I was taken from my birthmother at ten months old and placed with foster parents who abused me, and despite this being common knowledge, they were allowed to adopt me.

Adoptees, even without abuse from adoptive parents, become experts at adapting. We know our family arrangement came to be because our birth parents weren’t up for the task of holding onto us; the reason doesn’t matter because children can only point inward. Beneath the surface, many adoptees carry an unconscious belief that sounds something like this:

“I am bad and unlovable. That is why I was not worth keeping the first time. If I can become whoever my adoptive parents want me to be, I will prevent being abandoned again.”

So, adoptees learn to bend and shift, careful not to incite disappointment or anger from their adoptive parents. For example, I didn’t dream of being a dancer as a child. I’d never taken a ballet class or even expressed an interest in it. So when I opened that costume on Christmas morning, I saw it as a clue.
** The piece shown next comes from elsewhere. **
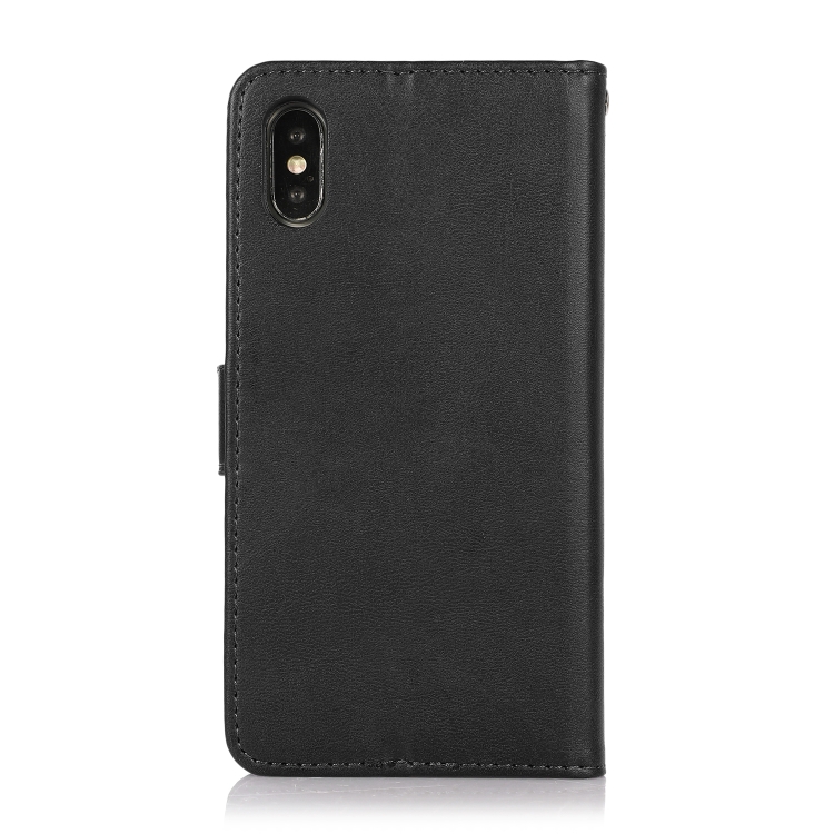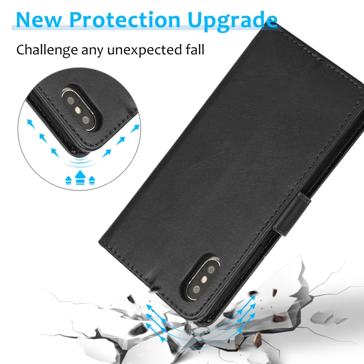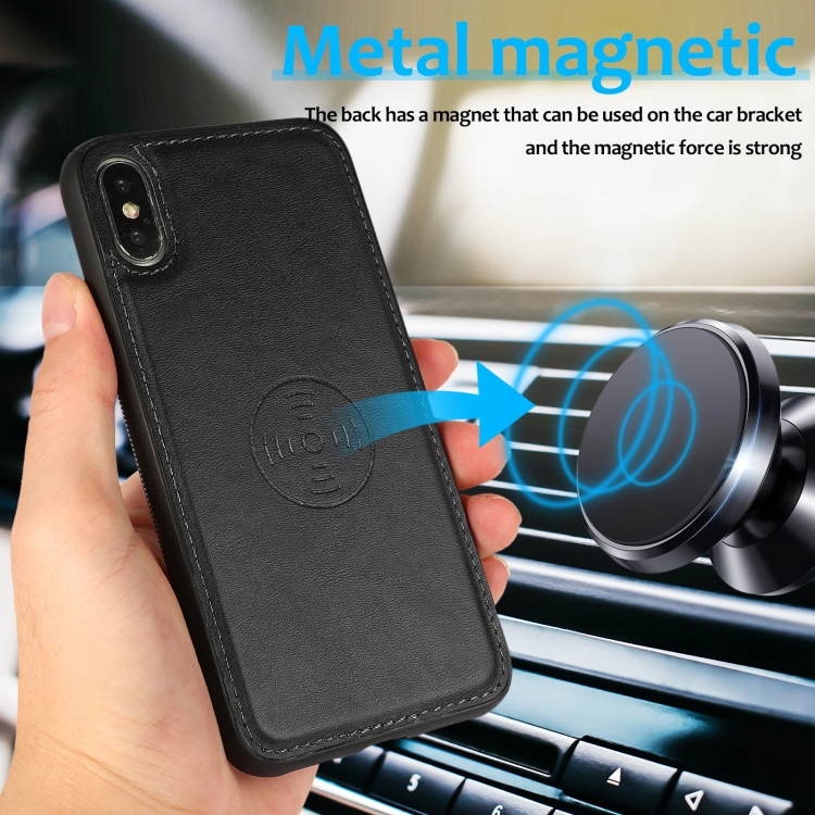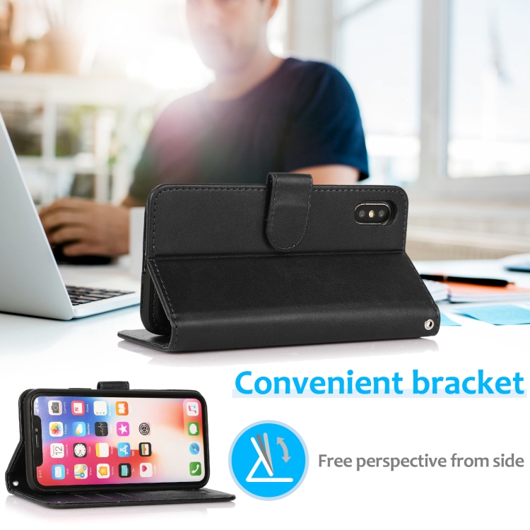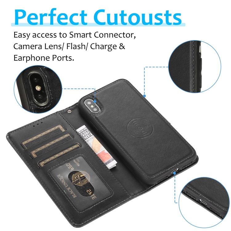 Funda para iPhone X Xs Textura de Becerro 2 En 1 Cubierta Trasera Magnética Desmontable con Tapa Horizontal Soporte Ranuras y Marco de Fotos (Negro)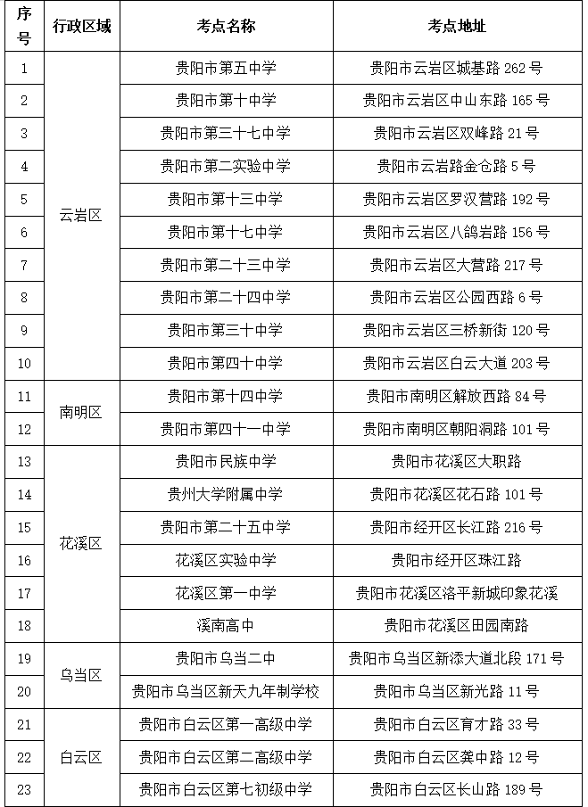 2023年贵阳市高职(专科)分类考试将于本周六(3月4日)上午09:00—11:30进行,全市共有26286名考生参考,全市共31个考点、886个考场,涉及辖区有云岩区、南明区、乌当区、经开区、白云区、花溪区、观山湖区、清镇市、修文县、开阳县、息烽县。届时大量考生前往各考点参加考试,考试开始前、结束后各考点周边路段预计会发生短时高峰流,同时,为了腾空考点,某些原本周六放学的学校预计会提前到周五下午放学,周五晚高峰考点周边的道路预计会出现交通缓行甚至拥堵的情况,交通拥堵延误较平时预计会增加,请广大考生、广大市民提前悉知考点周边道路的通行情况,提前规划出行路线。

My eagerness to be a show pony in a ballet costume was an instinctual reaction because it meant earning a higher approval rating from my scary adoptive parents. But obviously, I read it all wrong.
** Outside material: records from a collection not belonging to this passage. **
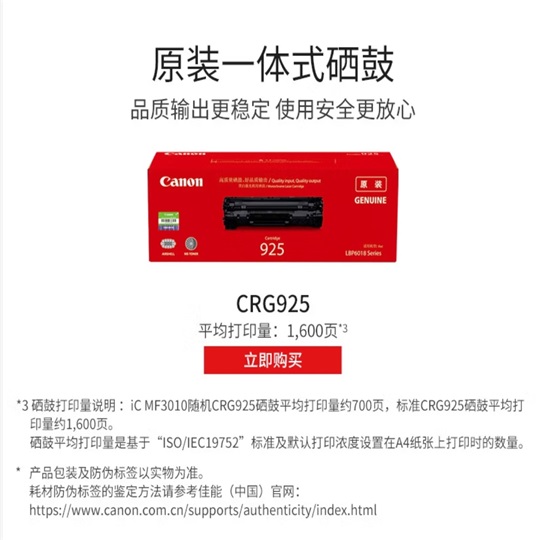 耗材型號(hào)  :   CRG925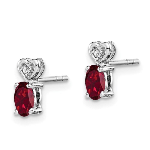 Sterling Silver Rhodium-plated Created Ruby & Diam. Earrings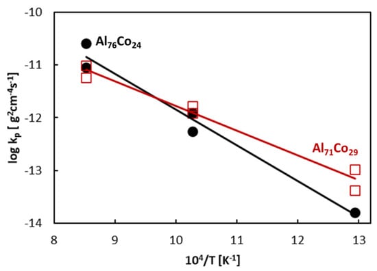 In this equation, A is a constant, EA is the activation energy, R is the molar gas constant (8.3144 J K−1 mol−1) and T is the absolute temperature (in K). The plot of rate constants at different temperatures is presented in Figure 11. The rate constants follow the Arrhenius-type behavior. Activation energy has been found from the slope of lines given in Figure 11. The activation energy of the Al71Co29 alloy is 90 kJ mol−1 and the activation energy of the Al76Co24 alloy is 129 kJ mol−1. These activation energies are comparable to activation energies for Al oxidation reported by previous studies [85,86].

This life-saving skill of adaptation permeates any relationship that poses a risk for leaving adoptees with a broken heart. It can become so pervasive that by the time adoptees enter adulthood, they’ve had little to no experience exploring their own needs, wants, or desires—because they’ve spent their entire lives becoming who the person in front of them wanted them to be.

My husband and I gave our daughter a “yes day” a couple of years ago, where she created a list of fun things to do, and within specific parameters, we had to say “yes.” This involved her choosing our outfits for the day, a trip to Dave and Busters, a silly string fight, designing specialty chocolates at the Goo Goo Cluster shop downtown, and a candy buffet for dinner. My husband and I delighted in her joy that day.
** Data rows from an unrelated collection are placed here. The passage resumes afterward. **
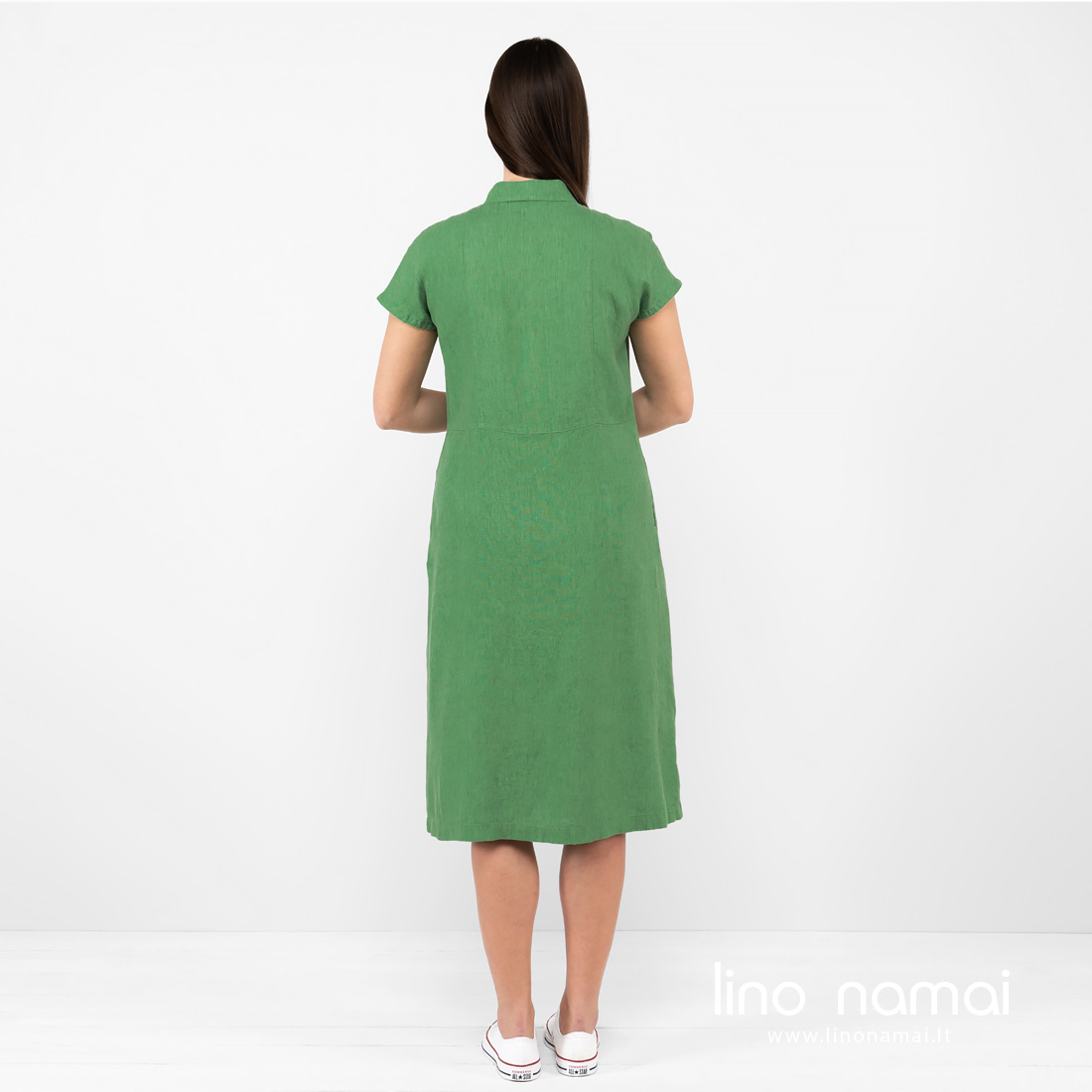 • Lininė žalia suknelė su apykakle ir kišenės šonuose.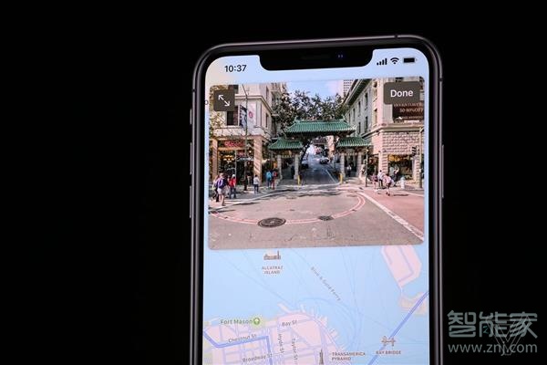 Apple 更新了Apple 地图的显示介面,提供使用者更详细的资讯以及地图模式,新的Apple 地图加入了类似Google 街景模式,可以直接在手机上查看街上的实际画面,也可浏览360 度街景,画面缩放的方式看起来比Google 地图更线性更流畅些,今年预计会开放美国地图,其他国家尚未宣布上路时间。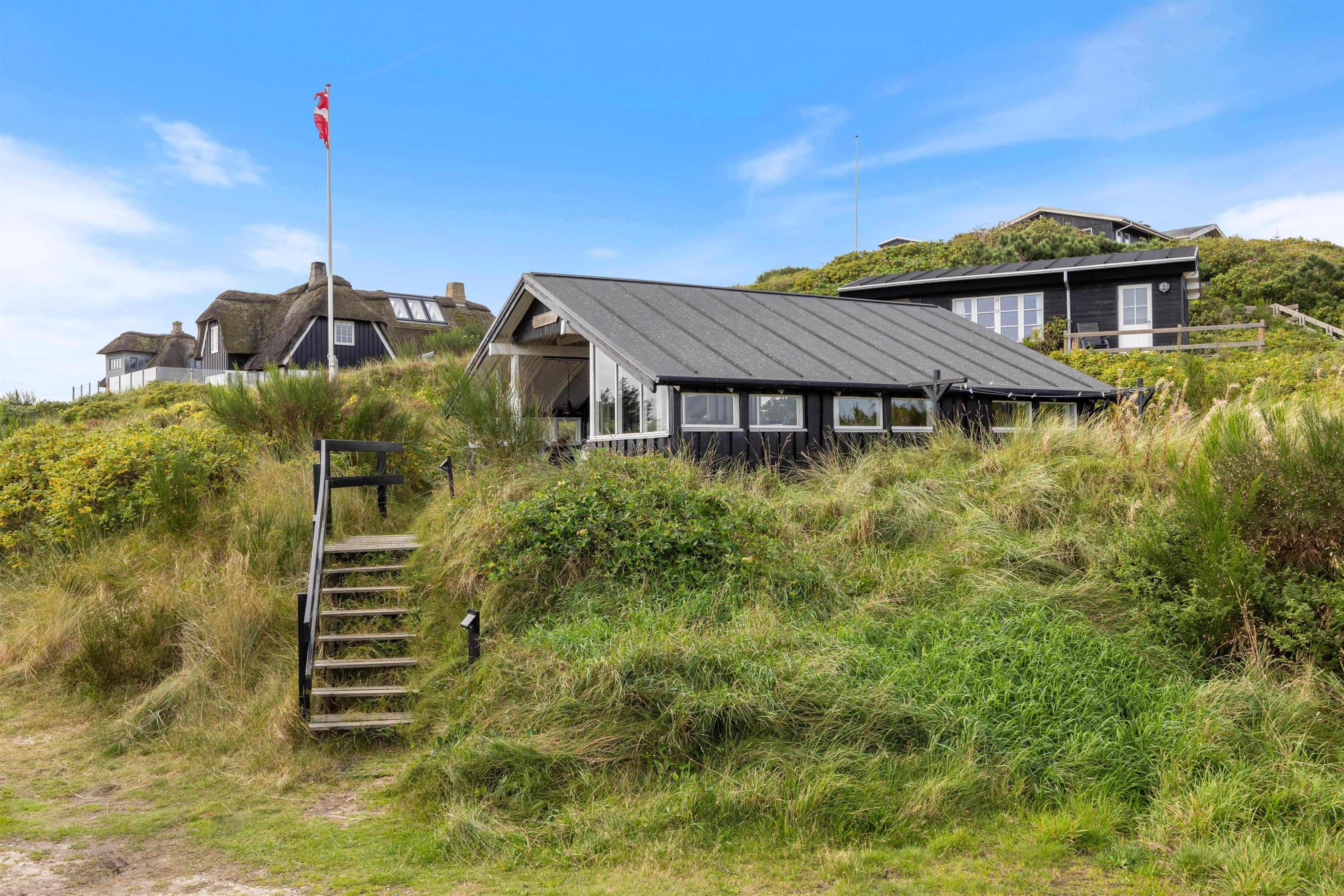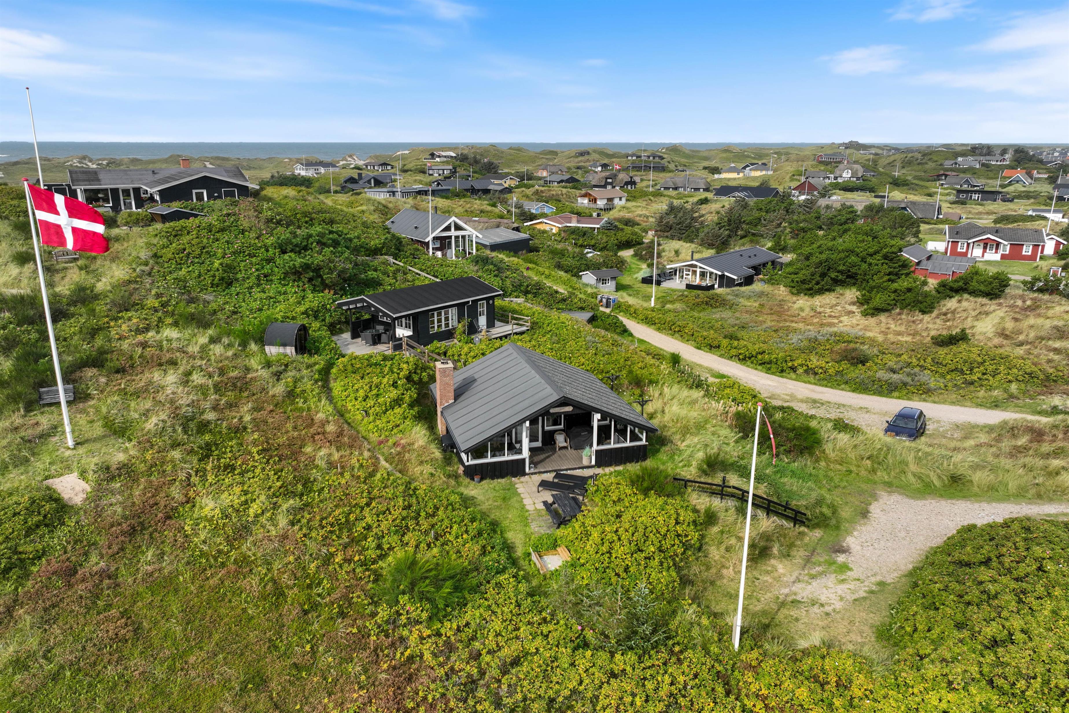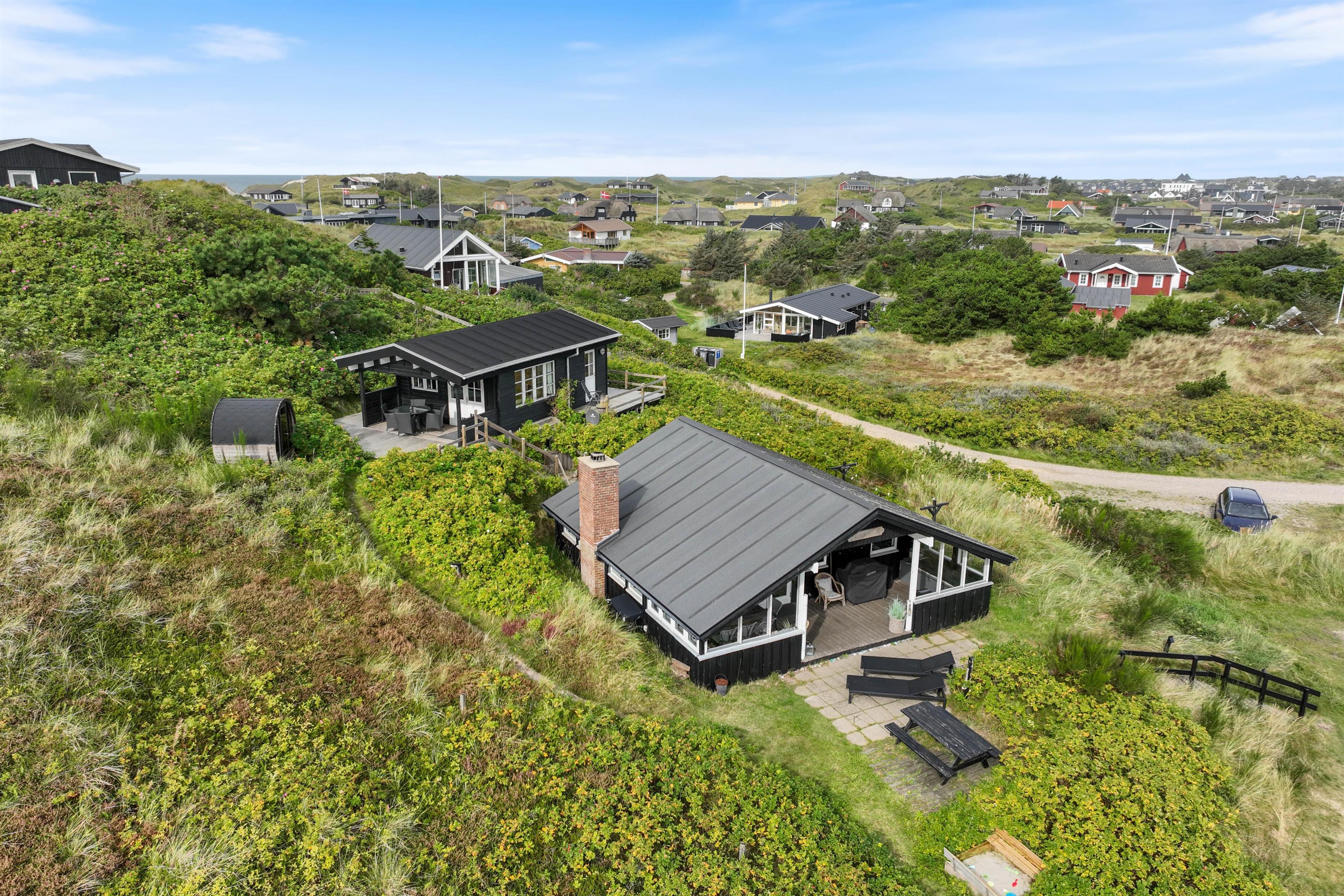 Midt i det vestjyske klitlandskab, kun 300 meter fra havet og mindre end 10 minutters gang fra Søndervigs centrum, ligger dette charmerende og renoverede sommerhus. Dette 78 km2 sommerhus på Nordsøvej 198 har plads til 6 personer og 2 hunde. Sommerhuset er indrettet i flot, skandinavisk stil med brændeovn og Chromecast. Her er også et anneks med eget badeværelse og egen terrasse, en lækker saunatønde og flere gode terrasser – med udsigt hele vejen til Ringkøbing Fjord. Hunden er også velkommen her!

Later, when my daughter asked, “Mom, what would you want to do if you had a ‘yes day?’”

I felt a burning in my chest, realizing I couldn’t answer her. And when an idea did come, like seeing a concert or dining at a specific restaurant, I knew I’d feel guilty for asking the rest of my family to join me because it wasn’t their thing. My inability to tell my child what I like was a powerful teaching moment, and a call for change.

I began therapy in my early thirties, intent on resolving the thick layers of trauma and loss that created this barrier between the me that operated out of fear of abandonment, and my true self. Traditional talk therapy with a therapist specializing in trauma, EMDR, EEG neurofeedback, and accelerated resolution therapy slowly chipped away at that barrier. With every victory, I learn more about myself and feel more at ease in the world.

Resolving trauma is dissolving shame. For me, shame has kept me from knowing myself and focusing solely on the happiness of the people around me for fear of being left or in danger if I fail.

Loneliness is a consequence of being a chameleon who doesn’t know who she is. How can I expect genuine connection if I’m not allowing people to accept the real me? As a shame-filled person, I chose relationships with people who mirrored my low self-worth back to me. How can I expect genuine connection in relationships like that?

Authentic relationships are a natural consequence of dissolving shame. Being seen, loved, and accepted for our true selves is the antidote to loneliness.

For anyone out there who bends and shifts to maintain connection with the people they care about, ask yourself, “If I had a yes day, how would I spend it? Do the people in my life care enough about me to come along and delight in my joy?”

If that question feels uncomfortable—if the people who come to mind would groan, flake, or dismiss it—I see you. I’ve been there. But healing begins with allowing yourself to imagine something different. Imagine being surrounded by people who celebrate and cherish the real you. Imagine what it would feel like to be loved that way.

Because that kind of love is possible, and you deserve it.